The most difficult part of the race for me came just a few hours after the best. At 02:00am around the leeward side of Ile de Yeu I was completely becalmed and could do nothing but watch as boats sailed past me on both sides. With 0.00 knots of boat speed I was powerless to do anything about my predicament, I had to sit tight and be patient. I used the time to plan my attack on the fleet, I knew I was going to be spat out somewhere near the back but, buoyed by the thought of my previous downwind leg, I was sure I could make substantial time back again.

The rest of the race seemed to go very quickly, I was so pre-occupied with everything I had to do, the hours flew by and before I knew it I was on the last leg into the finish. I didn’t think I was too tired, but frustratingly on the run into the finish I was losing a lot of time and I let Sebastian, the eventual winning rookie, past me. On reflection I definitely had the wrong spinnaker up, a thought that hadn’t even crossed my mind, but after a bit of sleep it was glaringly obvious.
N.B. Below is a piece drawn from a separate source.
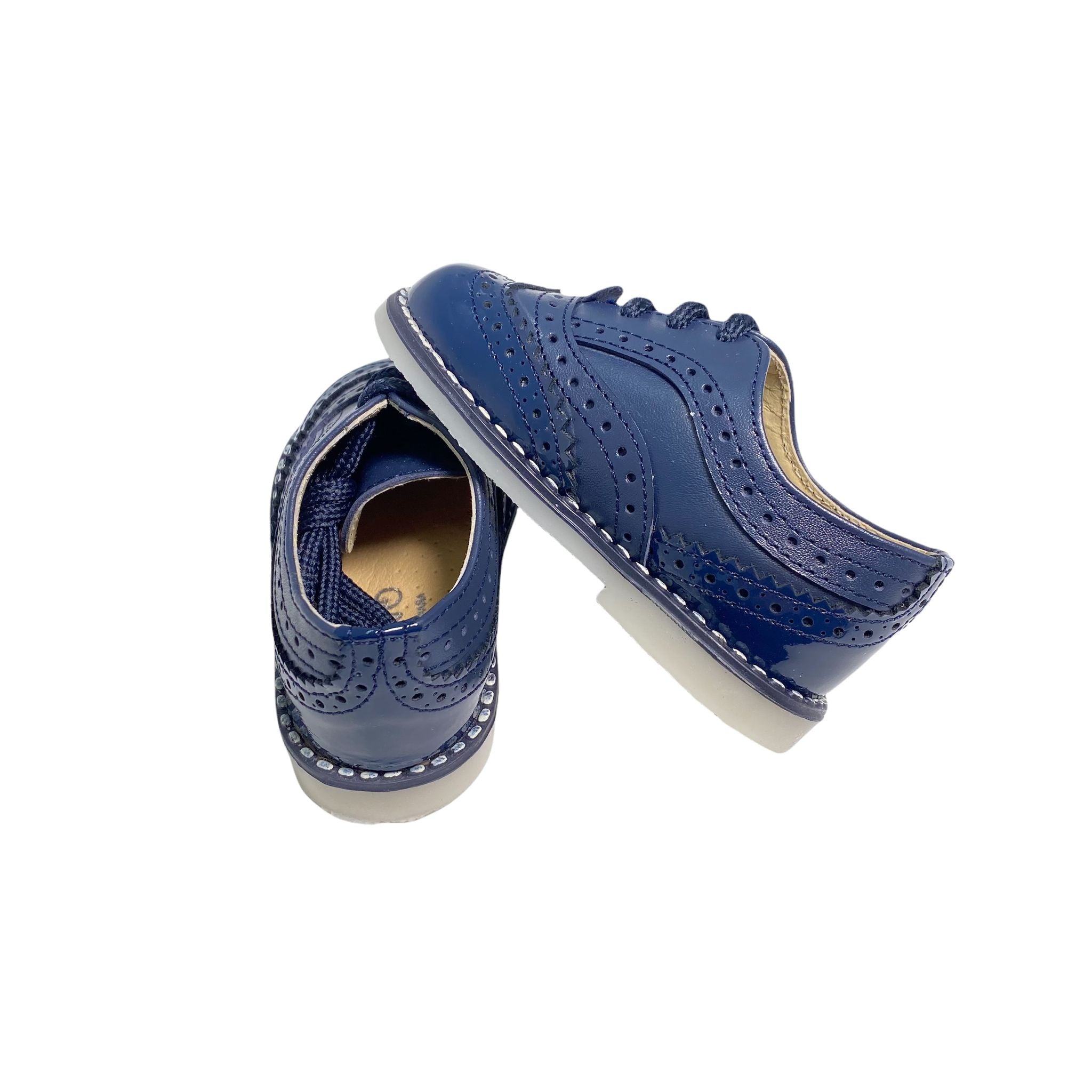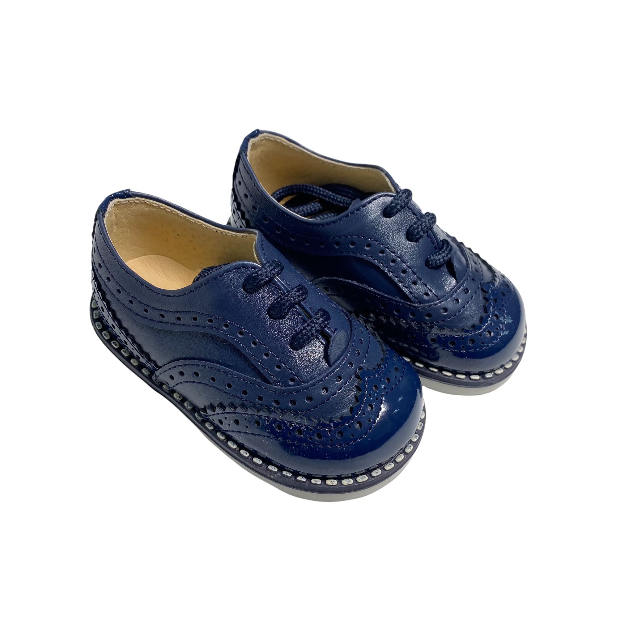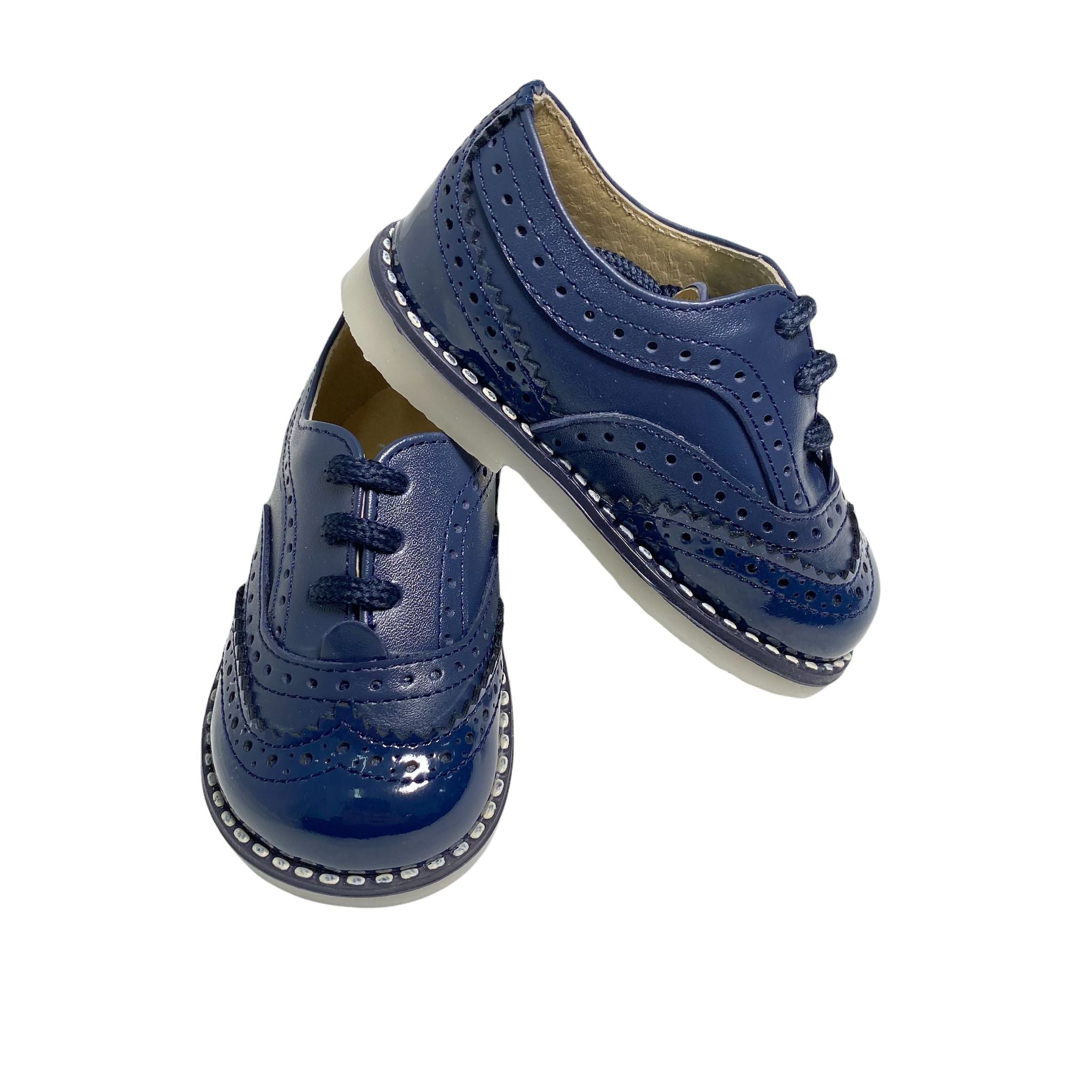 Scarpe primi passi in vera pelle, modello francesina con lacci, in tinta unita blu con punta in vernice.

This Solo Maître Coq in the end was a mere 200 odd miles (shortened from 320 because of the lack of wind). The Solitaire legs are around 500 miles each and there are four of them. They do not shorten them; they just take longer if there is no wind. Although I coped pretty well with this race with only a slight break of form at the end, I can only begin to imagine what four lots of 500 miles in one month is going to do to me. It’s an adventure for sure.

My next race is the Solo Concarneau Trophée Guy Cotton, which starts on the 1st May. Lots to do between now and then!